Twelve-year-old Eliot Katayama, a biracial Japanese American girl, is grieving for Babung, her paternal grandmother, who died recently after struggling with dementia. Eliot feels that she lost her “before she was even really gone.” She wants to find a way to speak with Babung again, to “make sure she remembers all the things she forgot,” but that may not be easy in their family’s new home on the East Coast, thousands of miles away from where Babung died in California. Her parents don’t understand her obsession with ghosts and can’t seem to find a way to help Eliot as she bears her grief.
Eliot then encounters neighbor Mrs. Delvaux and her granddaughter, Hazel, who live in the supposedly haunted Honeyfield Hall. Despite the strange dwelling and the rumors that Mrs. Delvaux is a witch, Eliot finds it easier to make friends with Hazel than with the girls in the local middle school.

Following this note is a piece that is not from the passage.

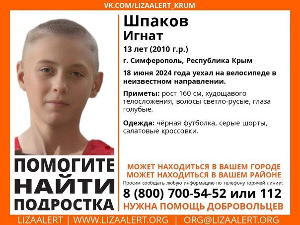 В крымской столице 18 июня пропал Игнат Шпаков. Мальчик уехал на велосипеде в неизвестном направлении. Об этом сообщил поисково-спасательный отряд «Лиза Алерт» Крым.

And the ghosts of Honeyfield Hall, it turns out, are real.
The ghosts are trapped there, however, losing their memories, and unable to move on as they should. Eliot enlists Hazel’s aid to try and help them, lured by the promise that the ghosts could carry a message to Babung. A fearsome monster threatens both ghosts and Hall, however, and the two girls must unravel the mystery and help the trapped spirits, even as their feelings for each other deepen.
This is a haunting but ultimately hopeful story about grief and love, history and memory, ghosts and living. Spooky but not deeply scary, it includes some slow, satisfying revelations and carries a message about what it means to live our full truths.